ITEM 4. | Purpose of Transaction. |
On July 6, 2021, the expiration date of the Series D Warrant to purchase 1,800,000 shares of Common Stock held by the Fund (the “Series D Warrant”) was extended from July 31, 2021 to July 31, 2023. All other terms of the Series D Warrant remained unchanged. The Form of Series D Warrant as originally in effect is attached hereto as Exhibit 5 and is incorporated herein by reference (which was partially exercised and amended such that it now is exercisable for 1,800,000 shares of Common Stock at a price of $0.53 per share).
ITEM 5. | Interest in Securities of the Issuer. |
(a) As of the end of business on July 6, 2021, being the filing date of this Amendment No. 5 and also the Event Date hereof, the Reporting Persons beneficially own:
(i) | The Fund directly owns 14,442,766 shares of Common Stock and warrants to purchase 1,800,000 shares of Common Stock, representing 9.6% of all of the outstanding shares of Common Stock. |
(ii) | Mr. Borus directly owns 4,288,714 shares of Common Stock and warrants to purchase 2,142,857 shares of Common Stock, representing 3.8% of all of the outstanding shares of Common Stock. |
(iii) | The Investment Manager, as the investment manager and general partner of the Fund, may be deemed to beneficially own the 14,442,766 shares of Common Stock held by the Fund and the warrants to purchase 1,800,000 shares of Common Stock held by the Fund, representing 9.6% of all of the outstanding shares of Common Stock. |
(iv) | IM Holdings, as the sole member of the Investment Manager, may be deemed to beneficially own the 14,442,766 shares of Common Stock held by the Fund and the warrants to purchase 1,800,000 shares of Common Stock held by the Fund, representing 9.6% of all of the outstanding shares of Common Stock. |
(v) | Mr.
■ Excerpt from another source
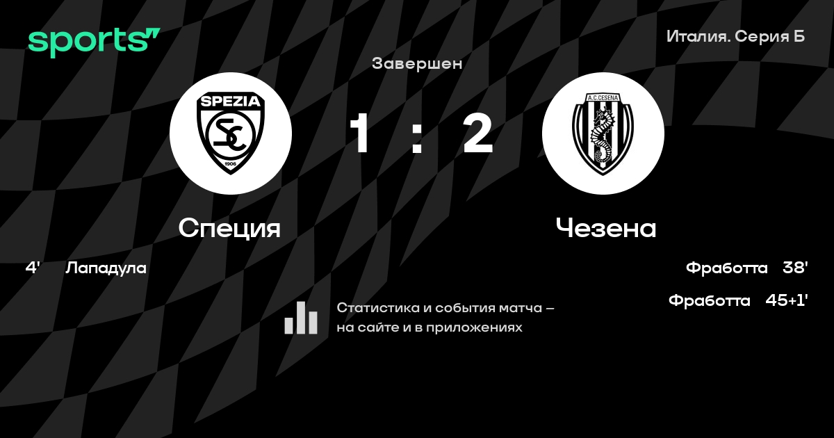 Результат прошлой игры в турнире «Серия B»: Специя – Палермо 1:2. После 7 туров Специя набирает 3 очков и занимает 20 место в турнире. Лучший бомбардир команды – Джанлука Лападула: он забил 2 в 5 матчах. Специя не может выиграть в 9 последних матчах в рамках турнира «Серия B». Специя пропускает в 5 последних матчах в турнире «Серия B». В последних 5 играх Специя забивает 5 голов. В последних 5 играх Специя пропускает 10 голов.
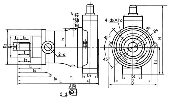 例如:已知某一机器的工艺特性要求泵的最大压力为Pmax,在Pmax时D1点的流量为Q1,泵在低压时的流量为Qmax,则泵在A1点的压力为:

Borus, as the manager of the Investment Manager and IM Holdings, may be deemed to beneficially own the 14,442,766 shares of Common Stock held by the Fund and the warrants to purchase 1,800,000 shares of Common Stock held by the Fund, representing 9.6% of all of the outstanding shares of Common Stock. Together with the securities owned directly by Mr. Borus as set forth in clause (ii) above, Mr. Borus may be deemed to beneficially own 18,731,480 shares of Common Stock and warrants to purchase 3,942,857 shares of Common Stock, representing 13.2% of all of the outstanding shares of Common Stock. |
Page 6 of 9 pages
Each Reporting Person disclaims beneficial ownership of any shares of Common Stock other than the shares beneficially owned directly by such Reporting Person.
The foregoing percentages set forth in this response are based on 167,601,435 shares of Common Stock outstanding as of June 1, 2021, as reported in Exhibit 99.2 to the Issuer’s Form 8-K filed with the SEC on June 3, 2021.
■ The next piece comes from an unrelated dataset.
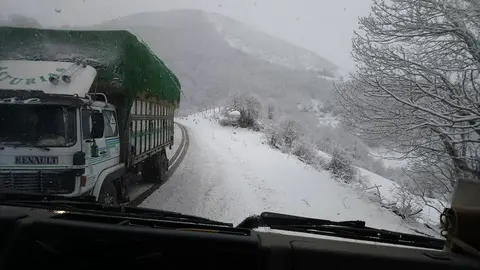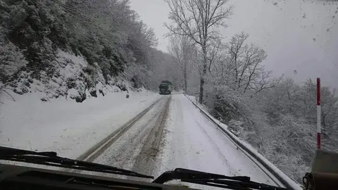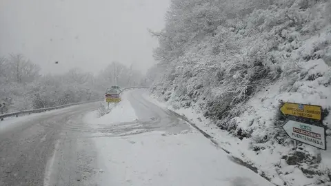 Las salidas de la comarca se indican por Piedrasluengas, puerto, que según 112 Cantabria, se encuentra con necesidad de uso de cadenas y que como se ve en la imagen de las 14:00horas, en este momento se encuentra 'casi' intransitable.

(b) The Fund has, and each of the Investment Manager, IM Holdings and Mr. Borus may be deemed to have, the power to vote or direct the vote of and to dispose or direct the disposition of 14,442,766 shares of Common Stock and warrants to purchase 1,800,000 shares of Common Stock reported herein. Mr. Borus has the power to vote or direct the vote of and to dispose or direct the disposition of 4,288,714 shares of Common Stock and warrants to purchase 2,142,857 shares of Common Stock reported herein.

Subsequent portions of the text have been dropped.